Laboratory values for serum creatinine (glomerular filtration rate estimated from the four-variable MDRD Study equation, but omitting race and assuming everyone was white)


Laboratory values for sedimentation rate(> 20 mm/hr), C-reactive protein (> 0.9 mg/dL) (low serum albumin, wbc count × 2 measures, wbc without bandemia or no eosinophilia, d-dimer, inflammation codes)

Urine Protein

Laboratory values for proteinuria (1+ or greater, with negative leucocyte esterase)

Fasting plasma glucose

Laboratory values for fasting glucose (>125 mg/dL)

Sample Size Considerations

The sample size was fixed because of the retrospective design. We observed 485 RRT starts during the period from 2000 through 2004. The effective sample size for multivariable analyses was reduced from 485 to 350 events because of missing data. One statistical approach for considering the adequacy of the sample size for predictive modelling is to consider the total number of events in relation to the number of candidate predictor characteristics and their degrees of freedom[11]. Experts recommend approximately 10 to 20 events per degree of freedom. Consequently, 350 events allowed us to consider 18 to 35 degrees of freedom.

Statistical Analysis

Our objective was to identify the strength and precision of characteristics that predict RRT. Consequently, we modeled the data using predictive methods instead of explanatory methods[12]. We appreciate that randomly allocating patients to a characteristic wouldn't necessarily cause a higher rate of RRT. We analyzed the data using logistic regression to calculate the odds ratios and 95% confidence intervals after controlling for matching characteristics: age, sex, and calendar time.

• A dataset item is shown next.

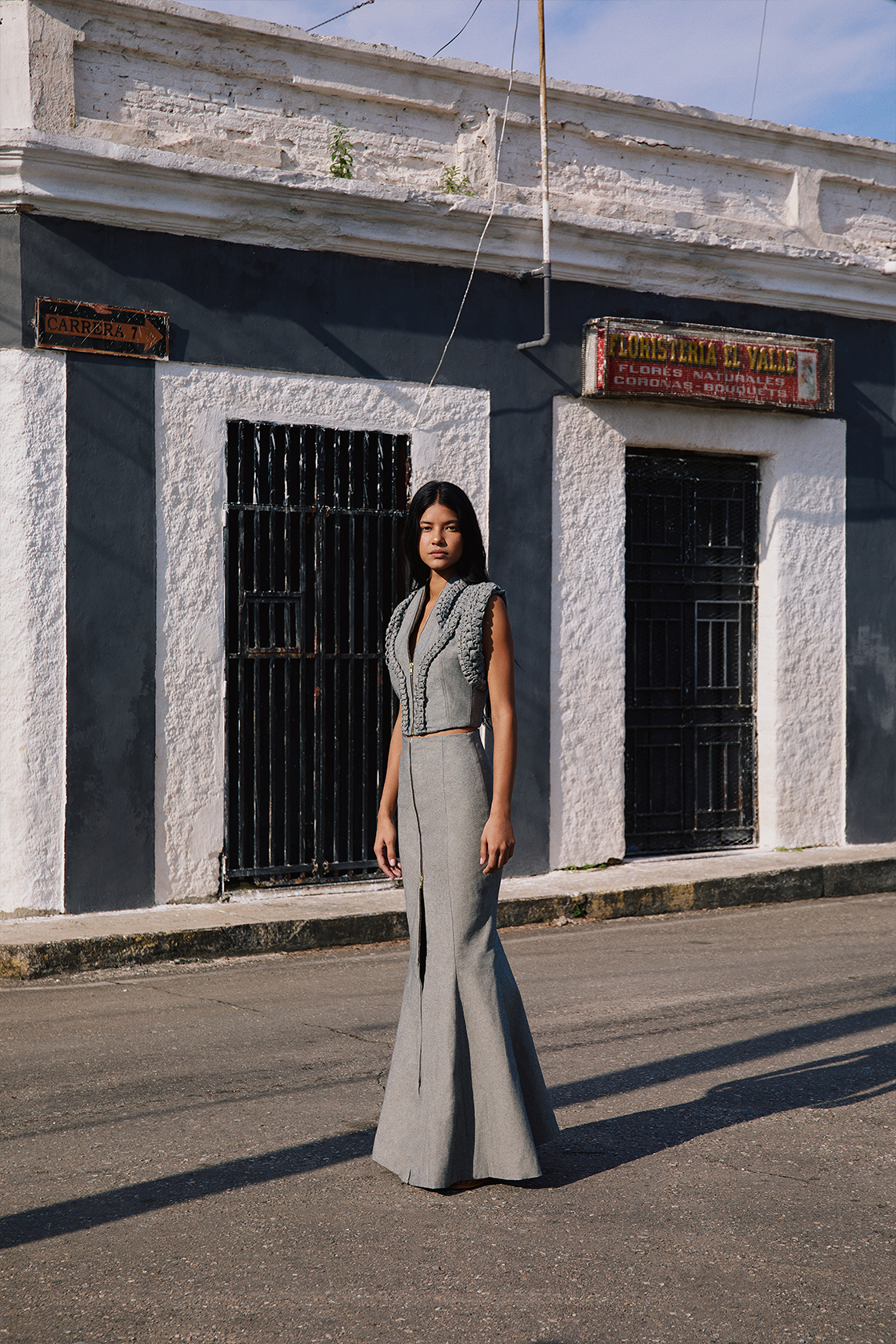 Long skirt with fitted mermaid cut. Made of drill, front metal zipper.

To select characteristics for evaluation in the logistic regression model, we started with clinical characteristics that are frequently and reliably measured in routine clinical practice (e.g., hypertension). We proceeded to characteristics that may be less reliably measured (i.e., greater measurement error in the ICD-9-CM coded electronic medical record), but which are probably strong predictors of the outcome (e.g., history of clinically recognized diabetes). We retained characteristics in the equations if they were statistically significant (P < 0.05).

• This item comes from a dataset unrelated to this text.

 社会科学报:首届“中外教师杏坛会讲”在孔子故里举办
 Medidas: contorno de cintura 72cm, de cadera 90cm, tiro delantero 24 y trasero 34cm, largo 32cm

The pattern of missing data is complicated in a retrospective study where collection depends on patients' and providers' decisions to schedule outpatient visits and to measure characteristics (e.g., order a laboratory test). When investigators cannot impute missing clinical values (because they are not missing at random), one of the less biased methods is to analyze the subgroup of patients with complete data for all characteristics, the method we adopted[13].

To calculate the population-based incidence of RRT, we added the number of person-years that members were at risk of becoming RRT cases. We then divided the number of RRT cases by the total person-time at risk and calculated the exact Poisson 95% confidence interval.


Between January 2000 and December 2004, we identified 485 patients with ESRD who were treated with RRT for the first time and met all of our eligibility criteria. Ninety-six percent of the case patients had a serum creatinine measurement during the baseline period and 76% of case patients had an eGFR <60 mL/min per 1.73 m2. The rate of RRT in the cohort from which we sampled was 58 per 100,000 person-years (95% CI, 53 to 64) and the mean age was 66.4 years.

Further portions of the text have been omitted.